Taka
jestem ostatnio pozytywna, że... aż strach się bać. Ale co tam,
podzielę się z Wami i tym doświadczeniem. W końcu żyję, więc
można powiedzieć, że pozytyw jakiś jest.
W nocy obudziło mnie
kołatanie serca, miałam wrażenie, że czuję je w całym ciele,
nie wyłączając uszu ani pięt. Z lekka przerażona zapaliłam
światło i sięgnęłam po ciśnieniomierz. Na wyświetlaczu aparatu
zobaczyłam skaczące cyferki 70/44 puls 135. Nooo... nie jest dobrze, ale
przecież to nie pierwszy raz, więc nie histeryzuj – powiedziałam na głos, co coraz częściej mi się zdarza. Wpuścisz trochę świeżego powietrza, łykniesz
jeszcze połóweczkę Lokrenu i będzie dobrze – kontynuowałam
uspokajanie. Następnie zastosowałam zaordynowaną samej sobie
terapię i czekałam cierpliwie aż serce przestanie podskakiwać.
Niestety, wciąż byłam ledwie ciepła, co teraz było przynajmniej
uzasadnione lodowatym powietrzem płynącym z otwartych balkonowych
drzwi. Rozszerzyłam więc kurację. Wypiłam dwie szklanki lekko osolonej
wody, żeby podnieść sobie ciśnienie, i włączyłam telewizor,
żeby przegonić czarne myśli.
Po jakimś czasie serce przestało
cwałować, duszności minęły, ale sen też się oddalił i nic nie wskazywało na to, że zechce jeszcze tej nocy wrócić. Poratowanie się proszkiem nasennym nie wchodziło w grę, bo było jednocześnie za późno i za wcześnie.

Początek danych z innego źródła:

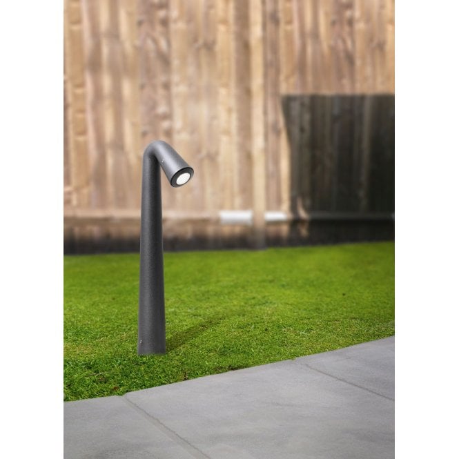 LED lamp with modern design and directed light emission, made of shockproof resin material, UV-rays stabilized, rust and corrosion-free. Suitable for spike and ground installation. Supplied with TÜV-CB certified, long-life and efficient G9 LED lamp included. Insulation class II, protection rating IP66. Available in black, grey and white.

I jak zwykle w takich razach dopadło
mnie koszmarne poczucie tymczasowości i nie
mogłam się od niego odgonić. Ludzkie przywiązanie do życia jest
jednak żałosne, bo bez względu na jakość naszego życia, w
chwilach zagrożenia wyłazi z człowieka zwierzęcy strach. Może nie wszyscy tak mają, ale ja tak. W takich chwilach na nic zdają się wszelkie przemyślenia, przekonania, bo każda bardziej wysublimowana myśl
ginie zanim zdąży się przebić do tej zdroworozsądkowej części
naszego „ja”, która wie, że tak „naprawdę nie dzieje się
nic i nie stanie się nic aż do końca.”
Przecież i tak jesteśmy
wieczni skoro nasze fizyczne ciało złożone z atomów, jest pyłem
gwiezdnym sprzed miliardów lat a nasza dusza mieszka w gwiazdach.
To, co może się więcej stać? No można jeszcze po drodze zgłupieć
ze strachu i próbować przerobić te skotłowane emocje na wiersz.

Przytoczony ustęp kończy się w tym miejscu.